We may also employ our archaeological understanding of the mounds in studies of cryptometrology.  We know, for example, that prehistoric mounds were generally not static monuments.  Many of them were active, dynamic features whose size and shape changed significantly through time, and numerous reports have shown active mound construction over much of the occupation of a site.  Mississippian platform mounds with 10 or more stages are not uncommon (Blitz and Livingood 2004).  New stages of mound construction change the heights and shapes of mounds, sometimes over the course of several centuries.  The edges and center points of mounds were therefore not just blurry targets whose precise location is difficult to discern, but moving targets as well.  At what point in a site's history should we expect any particular unit of length to be expressed?  The studies by Sherrod and Rolingson (1987) and Clark (2004), treat the mounds as if the final locations of their edges or center points were the intended goal of the societies who constructed them, who sometimes began the construction hundreds of years before they were completed. 

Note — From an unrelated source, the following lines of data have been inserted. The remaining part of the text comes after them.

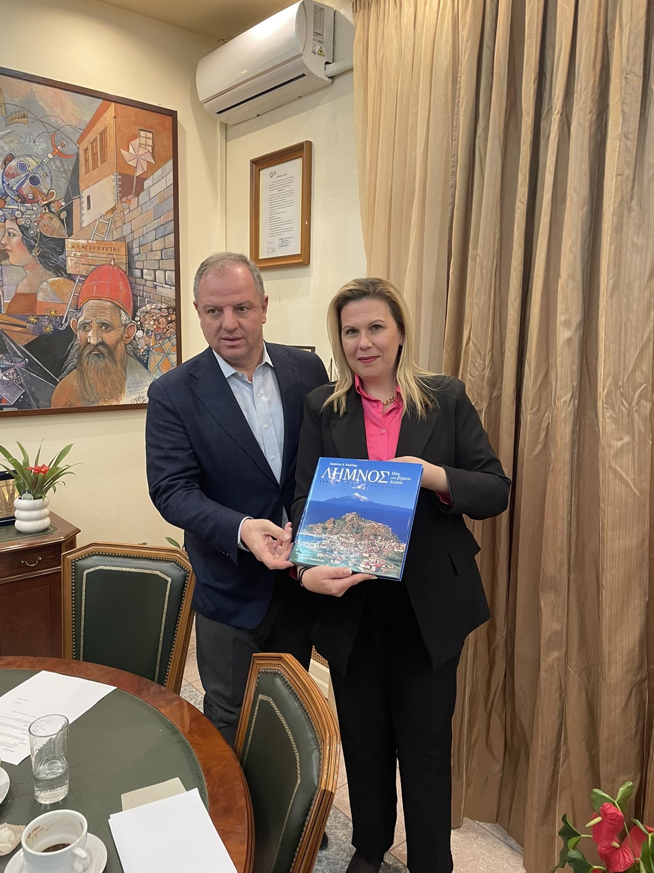 Με την ολοκλήρωση της συνάντησης, η Δήμαρχος παρέδωσε υπόμνημα στον Υφυπουργό, στο οποίο επισημαίνονται τα κρισιμότερα ζητήματα που απασχολούν τον αγροτοκτηνοτροφικό κόσμο της Λήμνου, ενώ του προσέφερε ένα φωτογραφικό λεύκωμα με εικόνες της Λήμνου.
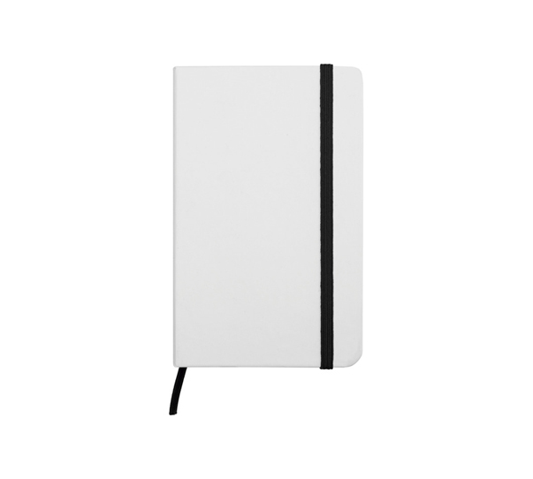 Libreta de tapa dura color blanco. Posee 80 hojas rayadas. Cuenta con separador de tela y cierre con banda elástica del mismo color. Medidas: 14,3 x 9 x 1,2 cm
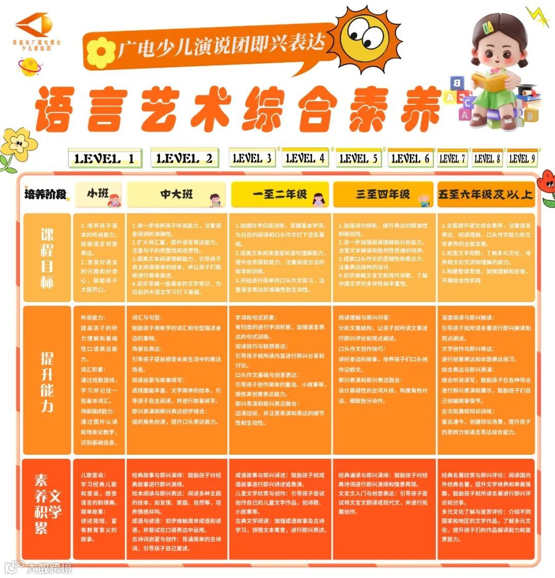 導讀:“語言藝術”素養(yǎng)課程來啦~婁底廣電少兒演說團課程體系升級提升孩子語言表達能力,培養(yǎng)孩子文化素養(yǎng)全方位提升孩子“聽說讀寫”能力,讓每一個孩子——“能說會道”、“能讀會寫”
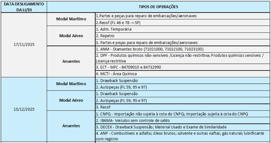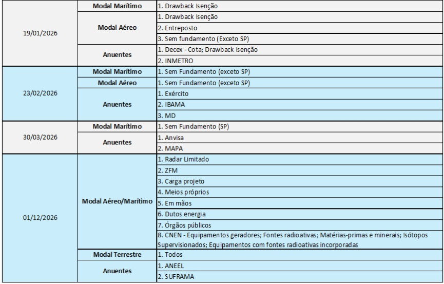 O cronograma abaixo reflete as datas a partir das quais será obrigatório registrar LPCO e Duimp nas operações de importação, caso a validação pelo setor privado não tenha indicado problemas sistêmicos impeditivos, conforme definido no Plano de Ação. Desta forma, será vedado ao importador, a partir de então, a possibilidade de continuar realizando essas operações por meio do Siscomex LI/DI.
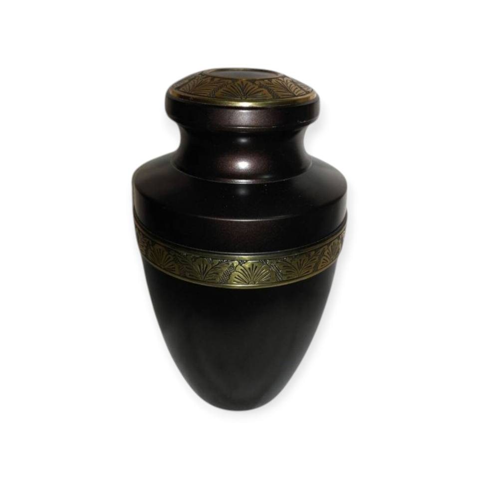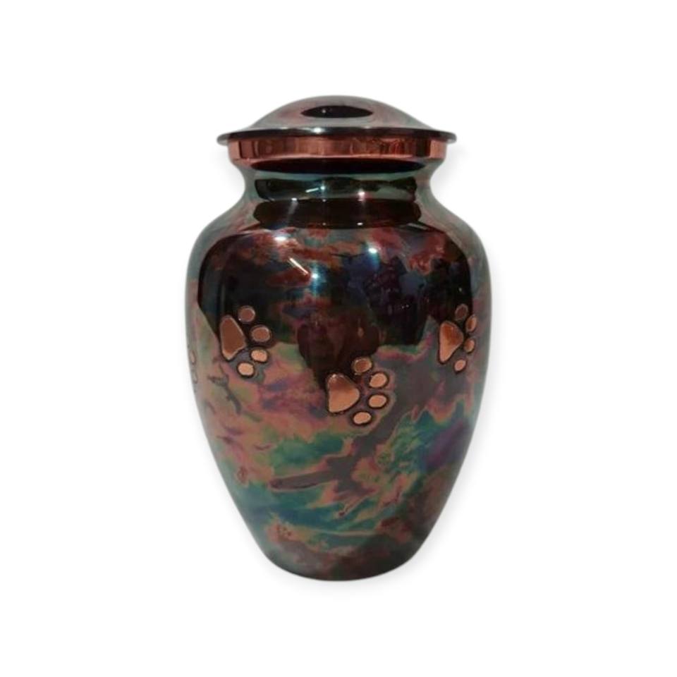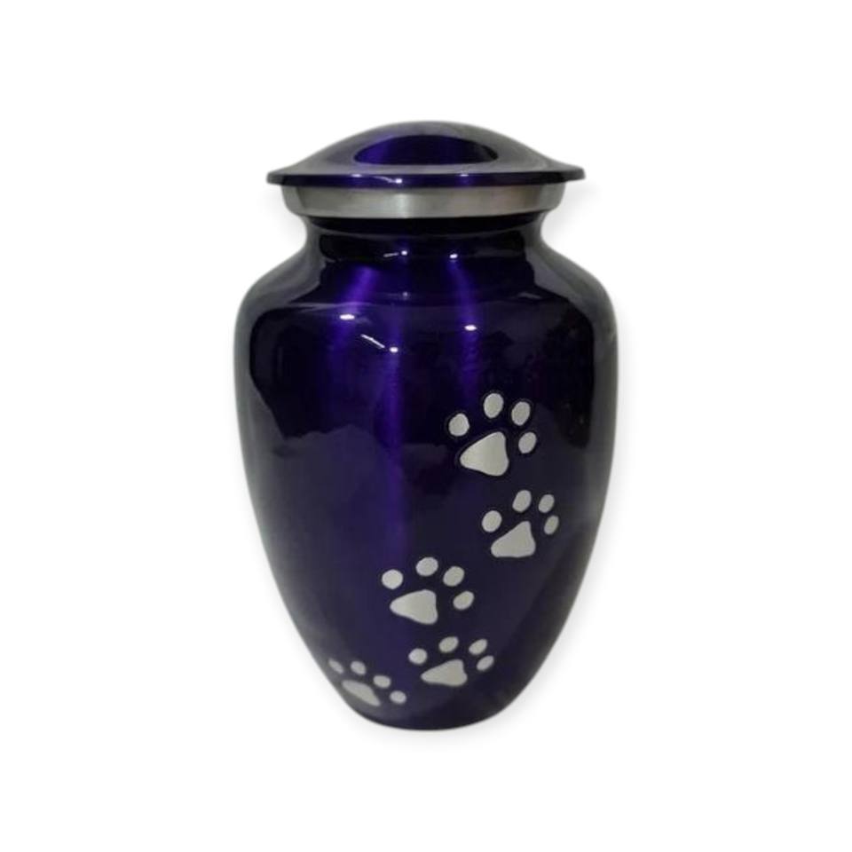 โกศใส่ของที่ระลึกสำหรับสัตว์เลี้ยงสีม่วงเข้มเงางาม พร้อมรอยเท้าสีเงินอ่อน สำหรับเป็นที่ระลึกสัตว์เลี้ยงที่รัก
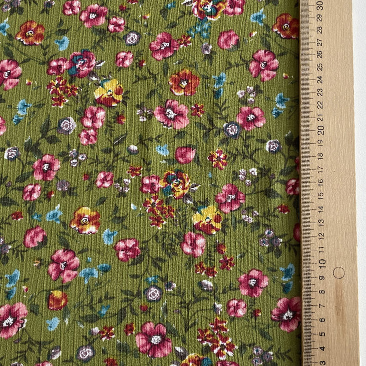 Віскоза жата з мілкими квітами на зеленкувато-оливковому фоні
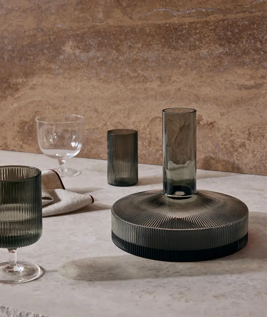 Mouth-blown into the mold, this practical and beautiful wine carafe boasts a contemporary rippled design. Meticulously crafted to elevate the natural aeration process of your wine, the carafe provides ample surface area and is designed to decant one liter of wine, while still accommodating larger volumes if desired.
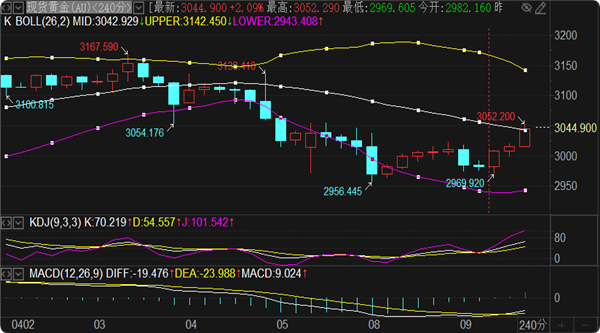 (美黄金06,4550.9,0.65%,模拟交易)实时行情分析:周三早盘低点刷新给到2956一线,现在却又反弹到3052,亚盘的反弹空间达到96个点。随着关税从45%上涨到104%,这个影响还会加剧。盘面上来看周二高点2023已经破位,那么欧盘黄金就还会有爬高的空间,短期阻力只能参考周一高点3055压力点来判断晚间的涨跌,更上方看4小时MA60

            Such studies in the Southeast have also failed to explain why certain points on the landscape or within a particular site should express prehistoric units of measurement.  Why would the inhabitants want mounds to be located with their edges or centers set at even and arbitrary increments from one another?  The centers and edges of mounds seem a popular choice of targets among modern researchers, but there is no explanation as to why they would have been so to the people who built the monuments.  Because of the nature of the archaeological record these are the easiest targets for us to measure to and from, even if they are fuzzy and moving targets.  It is easy to see how cryptometrological reasoning can become circular and an exercise in simply trying to find a fit between targets, without considering why they may have been important in the first place.  A passage from Sherrod and Rolingson reveals this tendency.  Reflecting that the TM did not always fit with precision, they write, "The fact that it is not exact may reflect either that the Indians were not concerned with precision or did not have the techniques to make it accurate, or that the modern measurements are not taken at the right places" (1987:44, emphasis added).  In other words, if only we could measure to and from the right places, we would find good fits for the measurement we are looking for.  But how would we know they were the right places?  The reasoning seems to be that we would know because they would be good fits for the measurement we are looking for. 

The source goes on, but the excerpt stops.